- [About this exercise] Copy out exactly the lines spanning the line with "The ability to" to the line with "щелью для воды |", inclusive, from the data underneath, with no pictures.

- [Data records]
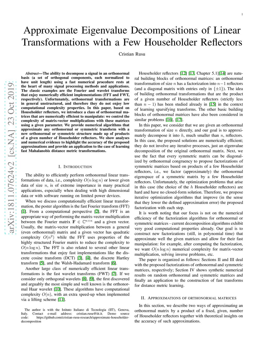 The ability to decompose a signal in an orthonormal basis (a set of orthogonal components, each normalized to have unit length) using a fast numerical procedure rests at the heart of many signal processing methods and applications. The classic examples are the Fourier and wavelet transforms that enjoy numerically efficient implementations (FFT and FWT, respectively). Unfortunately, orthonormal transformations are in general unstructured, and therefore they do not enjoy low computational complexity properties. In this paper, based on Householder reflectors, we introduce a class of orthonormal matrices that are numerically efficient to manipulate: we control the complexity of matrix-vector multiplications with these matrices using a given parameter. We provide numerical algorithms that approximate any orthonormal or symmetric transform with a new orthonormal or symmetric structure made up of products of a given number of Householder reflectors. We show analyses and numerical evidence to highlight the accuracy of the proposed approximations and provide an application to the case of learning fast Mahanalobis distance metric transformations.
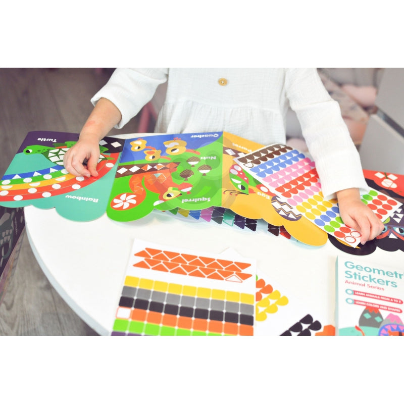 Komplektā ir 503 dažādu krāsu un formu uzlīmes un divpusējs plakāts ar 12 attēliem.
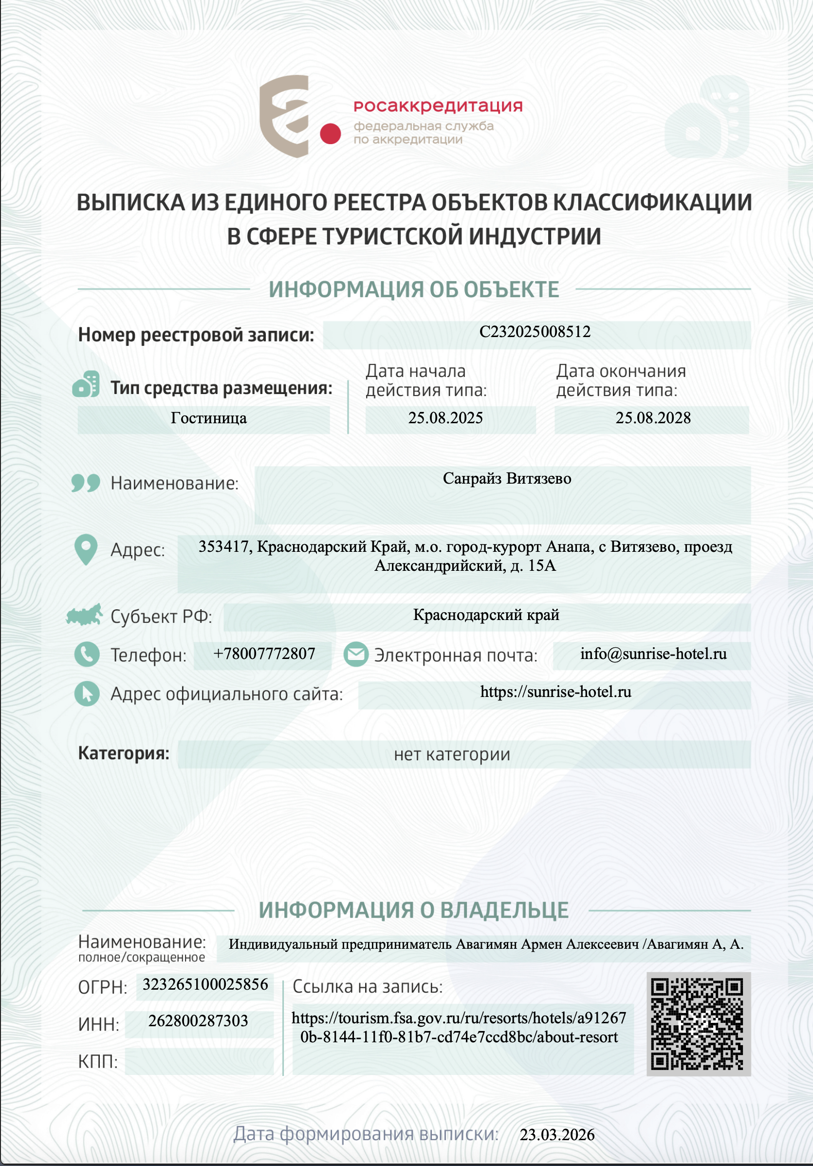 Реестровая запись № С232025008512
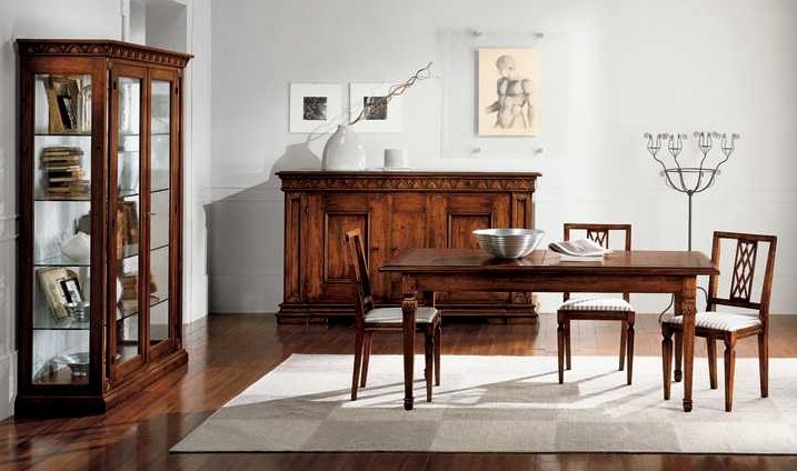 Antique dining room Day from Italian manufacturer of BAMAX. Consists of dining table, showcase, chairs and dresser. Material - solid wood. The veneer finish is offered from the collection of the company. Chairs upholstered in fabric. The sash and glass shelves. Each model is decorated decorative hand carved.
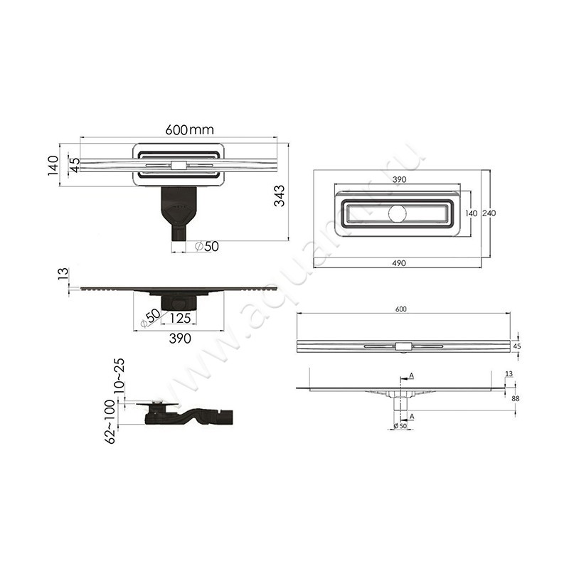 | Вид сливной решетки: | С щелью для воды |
* * *
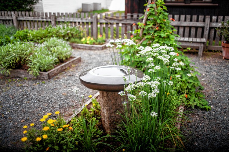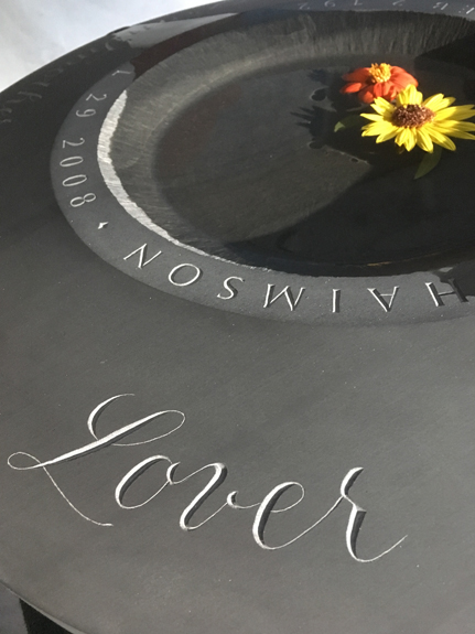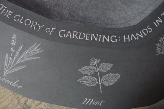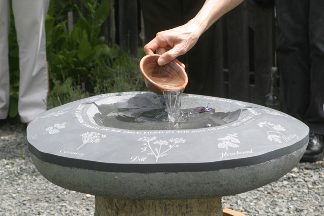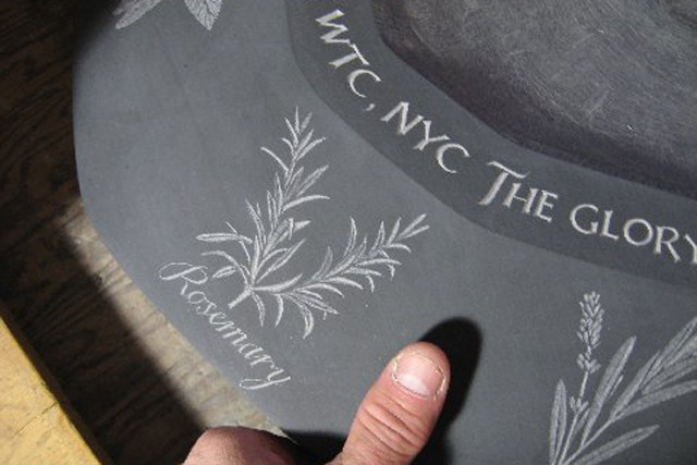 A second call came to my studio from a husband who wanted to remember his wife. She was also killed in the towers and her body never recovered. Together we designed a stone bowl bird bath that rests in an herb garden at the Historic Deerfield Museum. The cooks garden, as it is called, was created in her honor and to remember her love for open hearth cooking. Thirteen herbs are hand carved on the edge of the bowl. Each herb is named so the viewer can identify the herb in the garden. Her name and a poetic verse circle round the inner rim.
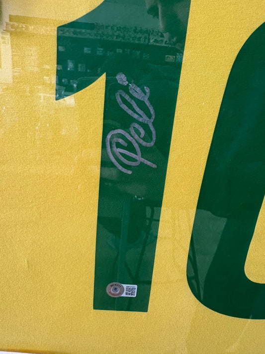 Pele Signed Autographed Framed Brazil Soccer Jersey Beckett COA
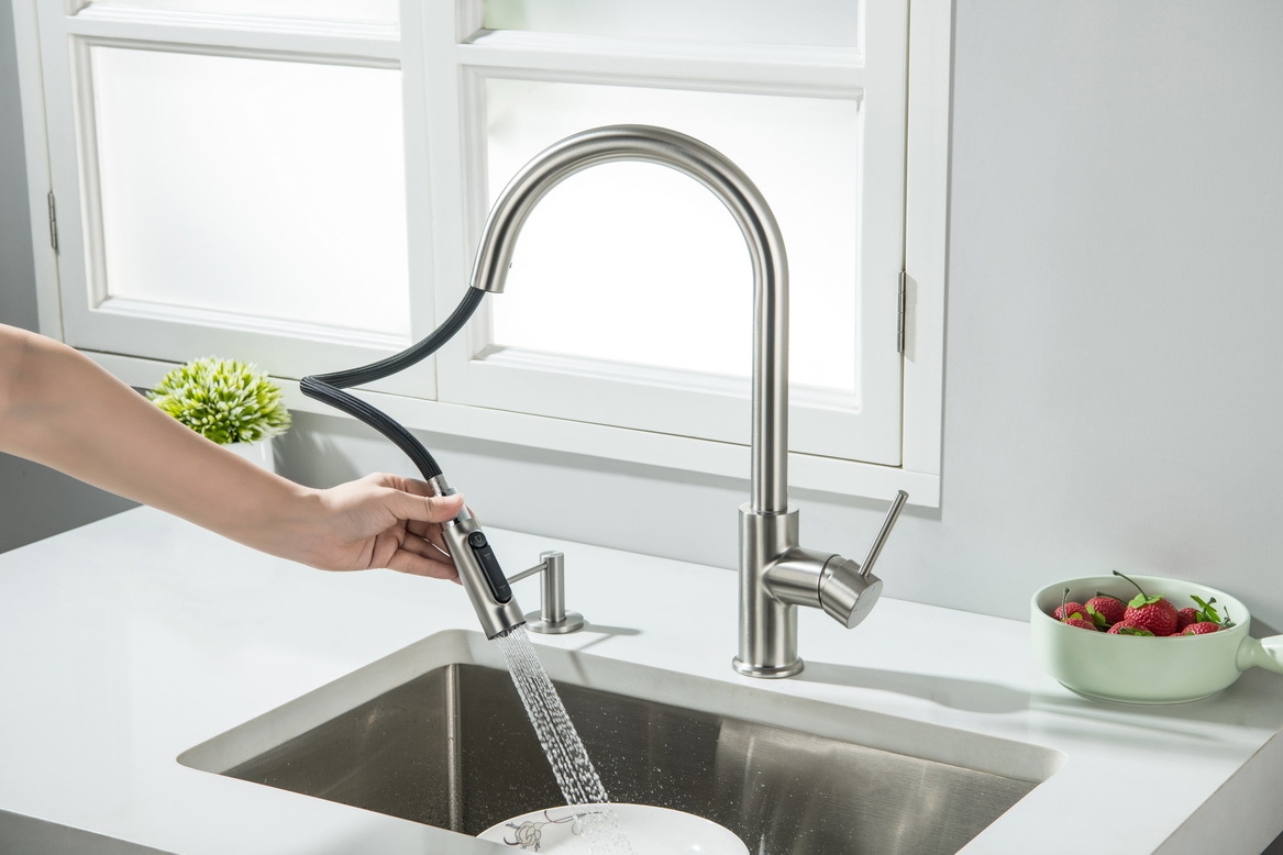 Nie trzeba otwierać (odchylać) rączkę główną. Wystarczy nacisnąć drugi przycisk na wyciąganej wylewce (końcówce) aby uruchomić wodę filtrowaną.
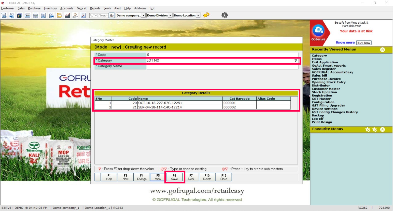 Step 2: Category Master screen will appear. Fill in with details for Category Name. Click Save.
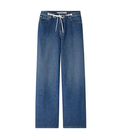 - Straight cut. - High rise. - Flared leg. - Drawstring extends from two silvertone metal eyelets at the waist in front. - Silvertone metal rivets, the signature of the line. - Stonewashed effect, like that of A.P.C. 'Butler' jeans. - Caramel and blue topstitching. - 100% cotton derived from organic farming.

- [Exercise response]
 The ability to decompose a signal in an orthonormal basis (a set of orthogonal components, each normalized to have unit length) using a fast numerical procedure rests at the heart of many signal processing methods and applications. The classic examples are the Fourier and wavelet transforms that enjoy numerically efficient implementations (FFT and FWT, respectively). Unfortunately, orthonormal transformations are in general unstructured, and therefore they do not enjoy low computational complexity properties. In this paper, based on Householder reflectors, we introduce a class of orthonormal matrices that are numerically efficient to manipulate: we control the complexity of matrix-vector multiplications with these matrices using a given parameter. We provide numerical algorithms that approximate any orthonormal or symmetric transform with a new orthonormal or symmetric structure made up of products of a given number of Householder reflectors. We show analyses and numerical evidence to highlight the accuracy of the proposed approximations and provide an application to the case of learning fast Mahanalobis distance metric transformations.
 Komplektā ir 503 dažādu krāsu un formu uzlīmes un divpusējs plakāts ar 12 attēliem.
 Реестровая запись № С232025008512
 Antique dining room Day from Italian manufacturer of BAMAX. Consists of dining table, showcase, chairs and dresser. Material - solid wood. The veneer finish is offered from the collection of the company. Chairs upholstered in fabric. The sash and glass shelves. Each model is decorated decorative hand carved.
 | Вид сливной решетки: | С щелью для воды |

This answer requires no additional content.